Space company tries to capture a falling rocket with a helicopter

Space company tries to capture a falling rocket with a helicopter

A spatial vehicle company based in California will try to catch a falling rocket with a helicopter in the air. In a daring experiment, it hopes to reduce space travel by reusable its rockets.

Rocket Lab, which builds and starts small rockets, tries to produce the first reusable small carrier rocket in the world when it runs the catchment test late Friday evening (British time).

The feat is comparable to the attempt to thread a needle at high speed, but the founder of Rocket Lab, Peter Beck, said he was optimistic about success.

"I am quite confident that the helicopter pilots will catch it when they can see it," Beck told Reuters. "If we don't make it this time, we will learn a lot and next time we will make it, so I'm not worried."
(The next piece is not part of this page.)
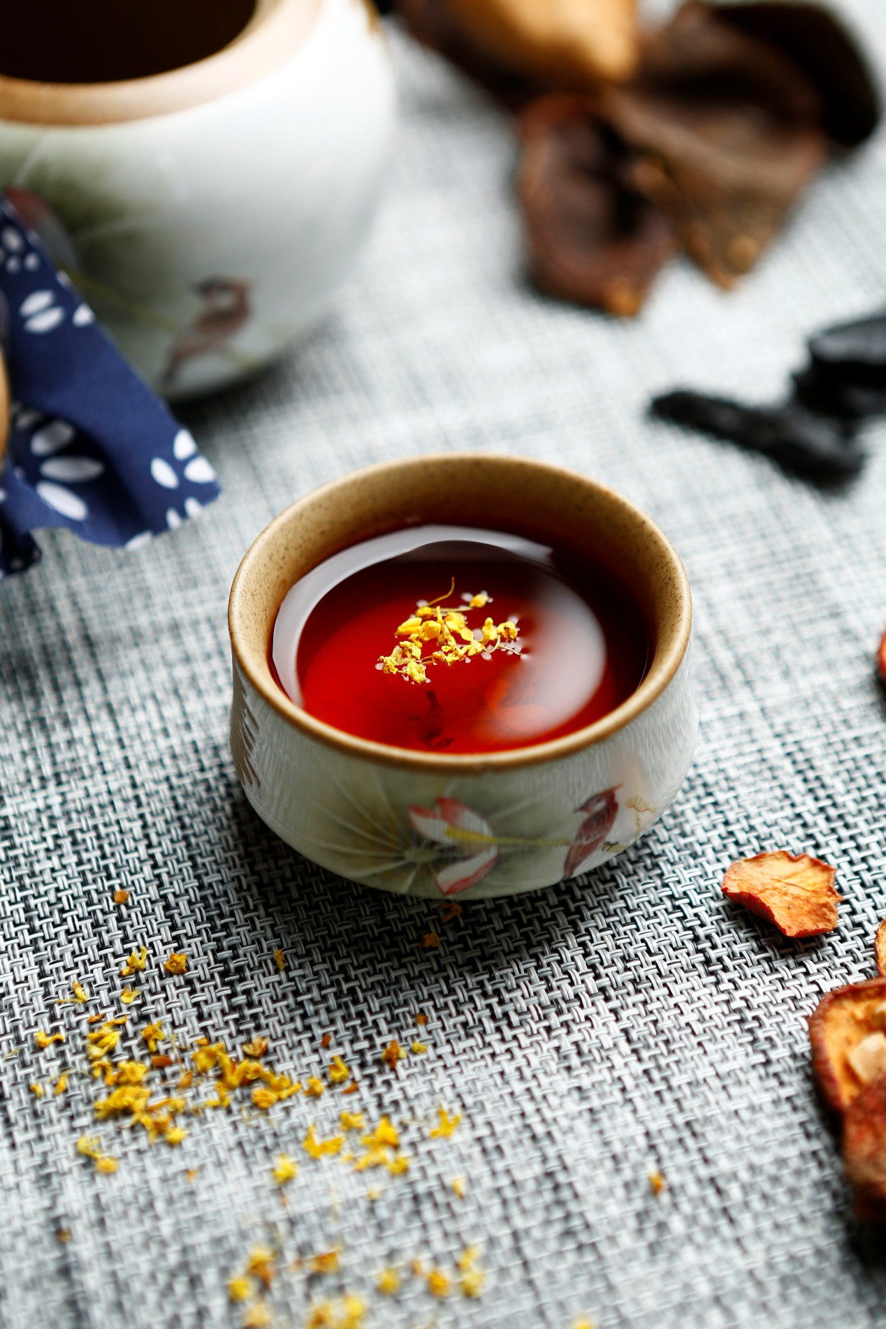 (1) 茶饮特点:乌梅,为青梅熏制而成,能生津止渴,能使浮越在上的虚火归位。配合健胃消食化肉食积的山楂、陈皮配甘草和胃健中,清香怡人的桂花,煮一锅口感酸甜,健脾胃,消食滞的茶饮。此茶能缓解咽喉异物感,久咳少痰,食欲欠佳等不适。

The capture test is to take place off the coast of Mahia, New Zealand, the location of the primary starting place from Rocket Lab, provided the weather allows it.

The bold mission called "There and back again" includes a specially adapted helicopter that carries a hook cable and tries to catch the falling rocket and bring it back ashore.

The idea of reusing rockets was developed by the SpaceX company of the billion-dollar tech entrepreneur Elon Musk. But while the two-stage Falcon 9 rocket from SpaceX is dependent on a fuel-rich new ignition for her return to earth, Rocket Lab said that her method would enable her to save costs and weight for additional fuel.

The vertical landing of rockets is a much more difficult task for smaller, lighter rockets. The first test of its kind will take place when the company's electron rocket brings 34 small satellites to space for its different customers.

About two and a half minutes after the start of Electron, the 18 m long two -stage carrier rocket separates. While the satellite -bearing second stage floats further into the orbit, the approximately 12 m high booster of the first stage falls back to earth. It will step back into the atmosphere on a narrow path and sink about 150 nautical miles to the sea.


"We have a pretty precise idea of where the rocket will land," a spokeswoman for Rocket Lab told The Telegraph.

"The rocket has communication devices so that we can communicate with it so that we know exactly where it comes down," she said.

When the booster level falls back to earth, two parachutes are used to dramatically slow down to about 10 meters per second.

A long, rope -like cable dangles on the parachutes. As soon as the rocket is almost four miles from the sea surface, two pilots who fly a specially made Sikorsky S-92 helicopter will try to take the booster.

The two-engine helicopter- which is typically used for offshore energy transport or for search and rescue operations- has a long cable with hook ends that is attached to it and resembles a fishing line in the design.



If everything goes according to plan, the pilots will control the helicopter hook and grab the cable attached to the rocket before unloading them onto a recovery ship to transport them back ashore.

Mr. Beck described the complex series of events as follows: "The attempt to catch a rocket when it falls back on earth is not an easy task, we absolutely thread the needle here, but ... if we can use a rocket twice, then we have just doubled our production."

he added: "We have successfully tested each piece individually, now it is only one orchestra for conducting."

The company launched around two dozen missions in orbit for a mixture of government and commercial customers, three of which ended with mission errors.

The growing field of small rocket companies also includes Astra Space and Richard Bransons Virgin Orbit.